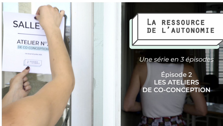
Image 7. Capture d'écran de la web série de La Ressource de l'Autonomie - Épisode 2 / Les ateliers de co-conception.

dynamique tant itérative qu'incrémentale. Elle a plusieurs vertus. D'une part, elle permet d'ancrer dans les pratiques l'idée selon laquelle il est possible de se tromper (on parle alors de « droit à l'erreur »). D'autre part, elle montre qu'il est souhaitable de prendre son temps en testant à petite échelle lors d'une première étape pour ensuite généraliser les dispositifs à plus grande échelle. Lorsque les actions concernent les politiques publiques et engagent les générations futures, ce temps pris ne semble pas superflu. L'expérimentation devient, ensuite, un outil utile, pour réduire l'incertitude et mesurer l'efficacité et les conséquences des actions développées. Avoir le droit à l'erreur, procéder par itération pour concevoir des solutions tant frugales que durables (Manzini et Jégou 2006), sur un temps long, dans une logique d'amélioration continue et de petits pas, voici ce qui structure la démarche du design social. Si l'étape d'expérimentations est utile pour ces projets, et plus largement pour l'action publique, il est toutefois important de ne pas en faire une solution miracle parée de toutes les qualités. Elle se heurte notamment à une limite concernant le passage à l'échelle. La montée en généralité doit en effet intégrer différents paramètres économiques, sociaux, politiques, environnementaux, qui souvent contrarient le déploiement des expérimentations dans d'autres lieux et à d'autres échelles.
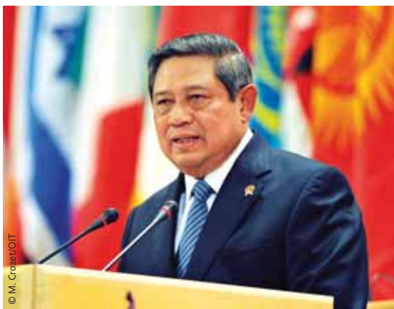
Presidente Susilo Bambang Yudhoyono durante su intervención en la 100.ª Conferencia Internacional del Trabajo (CIT) en Ginebra

“ LOS JÓVENES PUEDEN CONTRIBUIR SIGNIFICATIVAMENTE A LA PROSPERIDAD MUNDIAL. SE DEBE INVERTIR MÁS EN LOS SECTORES QUE GENERAN TRABAJO PARA LOS JÓVENES ”

> **Task statement**:
Once the line containing "Presidente Susilo Bambang" is found, please retype it and every remaining line of the listing above, exactly, with nothing else.

> **Completed exercise**:
Presidente Susilo Bambang Yudhoyono durante su intervención en la 100.ª Conferencia Internacional del Trabajo (CIT) en Ginebra

“ LOS JÓVENES PUEDEN CONTRIBUIR SIGNIFICATIVAMENTE A LA PROSPERIDAD MUNDIAL. SE DEBE INVERTIR MÁS EN LOS SECTORES QUE GENERAN TRABAJO PARA LOS JÓVENES ”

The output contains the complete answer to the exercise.